* [DATA FOR PROCESSING]:
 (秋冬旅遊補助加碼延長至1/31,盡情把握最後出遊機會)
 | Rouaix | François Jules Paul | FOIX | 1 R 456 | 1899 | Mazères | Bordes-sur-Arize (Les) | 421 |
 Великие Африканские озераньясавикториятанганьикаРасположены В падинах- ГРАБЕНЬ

...

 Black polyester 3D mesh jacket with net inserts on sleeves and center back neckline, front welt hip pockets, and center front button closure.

* [TASK TO COMPLETE]: Please give back exactly the lines of the listing above that run from the one containing "(秋冬旅遊補助加碼延長至1/31,盡情把握最後出遊機會)" through the one containing "Великие Африканские озераньясавикториятанганьикаРасположены", and only those.

* [ANSWER FOR THIS EXERCISE]:
 (秋冬旅遊補助加碼延長至1/31,盡情把握最後出遊機會)
 | Rouaix | François Jules Paul | FOIX | 1 R 456 | 1899 | Mazères | Bordes-sur-Arize (Les) | 421 |
 Великие Африканские озераньясавикториятанганьикаРасположены В падинах- ГРАБЕНЬ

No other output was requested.